Lasers For Corporate Marking
MacMedia, Inc., Peoria, AZ, is a retail store that provides Apple Computer sales and service. When they began offering custom etching services for their products, they found what they needed in a couple of desktop lasers. Brian Georges, an employee with the company, says that they purchased a Universal VersaLaser Model VL-200 and VersaLaser Model VL-300 about two years ago for the purpose of engraving family photos, corporate logos, line art and other custom designs on the company’s iPods and PowerBooks laptop computers. “These are great for corporate gifts of distinction,” explains Georges, adding that they also use the lasers to mark some computer parts.

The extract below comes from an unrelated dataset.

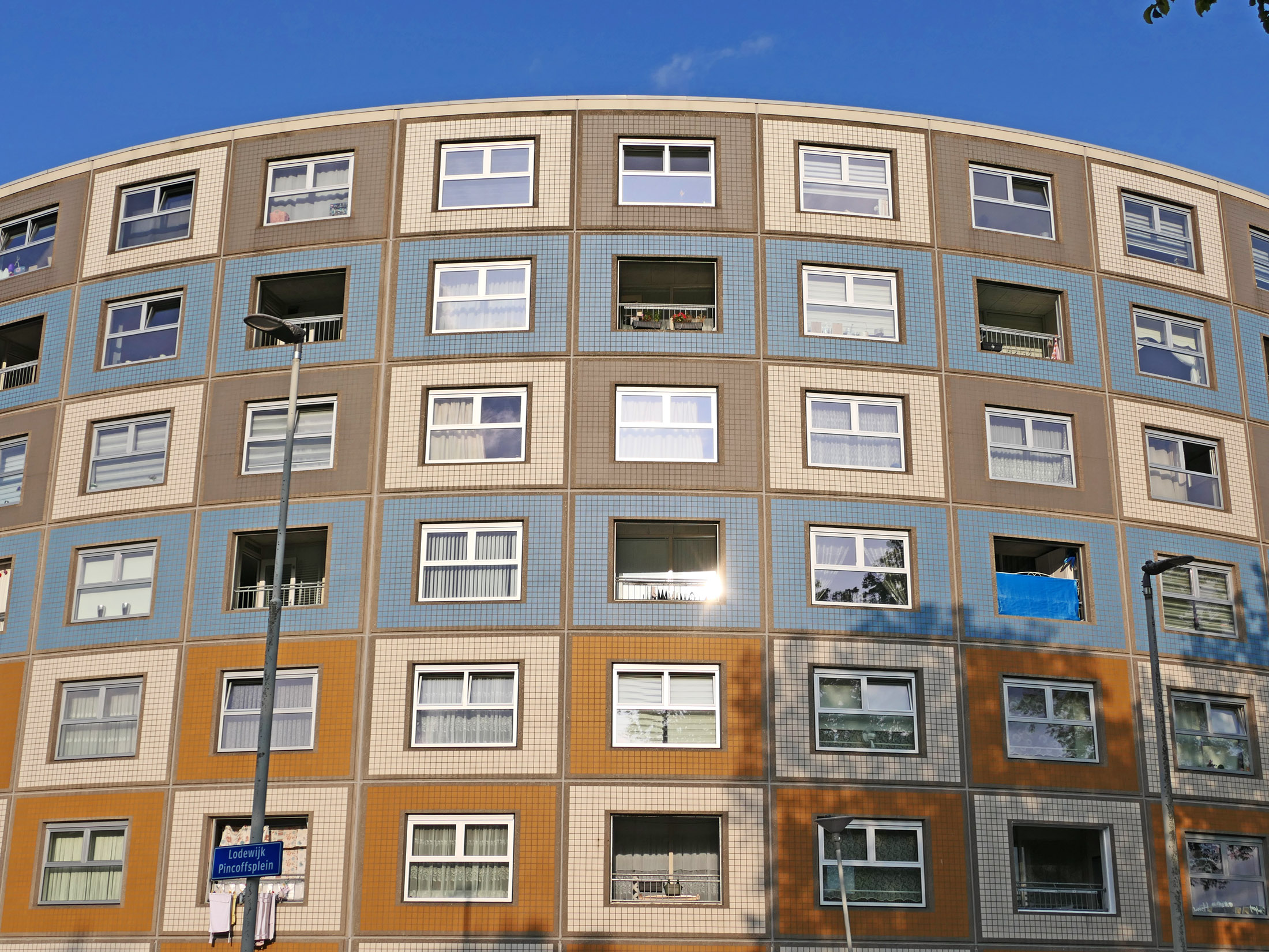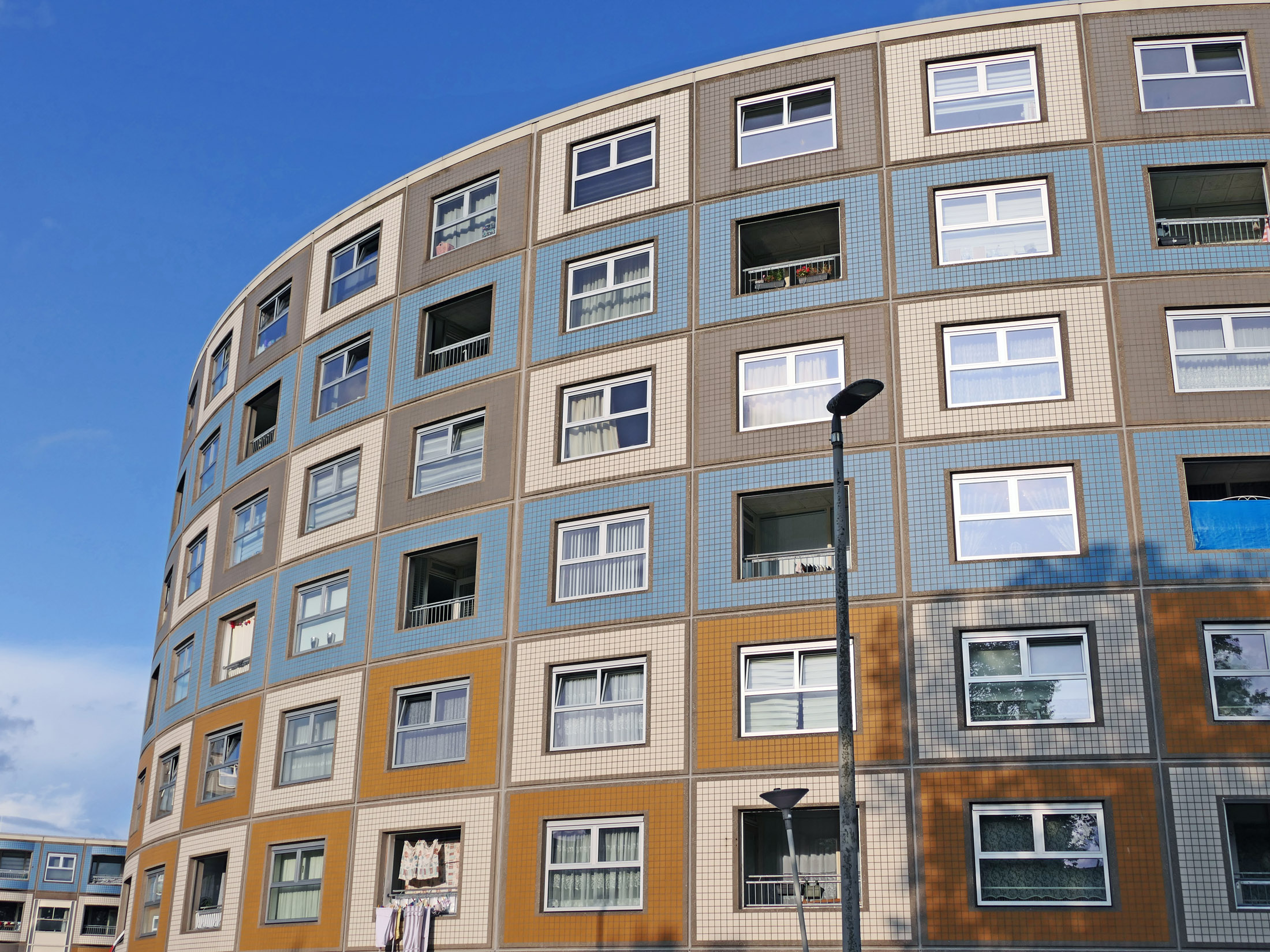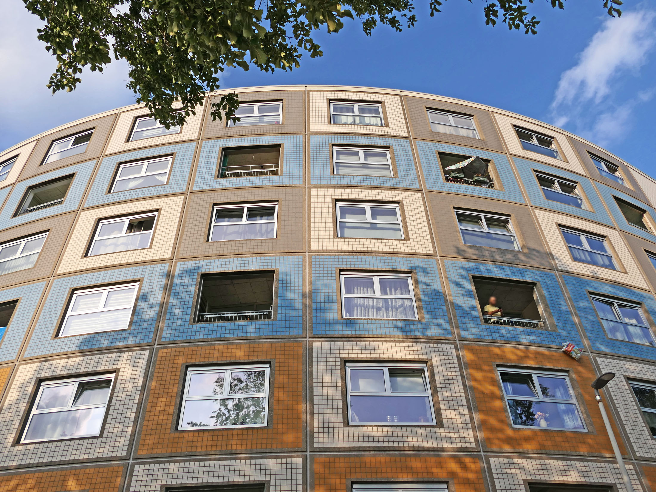 Bilder oben: eines der „runden Ecken“ der fast einen Kilometer langen „Wohnschlange“-

And while the company does have a larger industrial size laser for other applications, the VersaLaser machines do their intended job and do it well. “They are little work horses,” says Georges.
The Bottom Line?
So, when it comes to purchasing a laser engraving machine, which road do you take? Is a desktop laser engraver in your future or should you veer toward a larger system? Ultimately, the decision rests on what you want the laser to do for your business. Here are some general guidelines to help you with that decision.
A larger laser is a good choice if:
• Your business includes high volumes of wood, rubber or other materials that require a lot of laser power. Larger systems can process these materials in higher volumes and higher speeds than smaller systems.
• You require a larger work area to accommodate larger pieces.
• High production is a primary concern.
A desktop laser is a good choice if:
• You have a lower budget
• You have modest workload needs and low to medium productivity needs.
• You are involved in standard engraving and light cutting operations at moderate speeds.
• Ninety-nine percent of your business is low to medium volume engraving on products such as plaques, trophy plates, name badges, acrylic awards, identification plates, etc.
Ultimately, of course, the decision should be based on what’s right for your business, both now and in the future. But don’t rule out the power of a desktop laser without some investigation. It’s quite possible that a desktop laser is indeed in your future.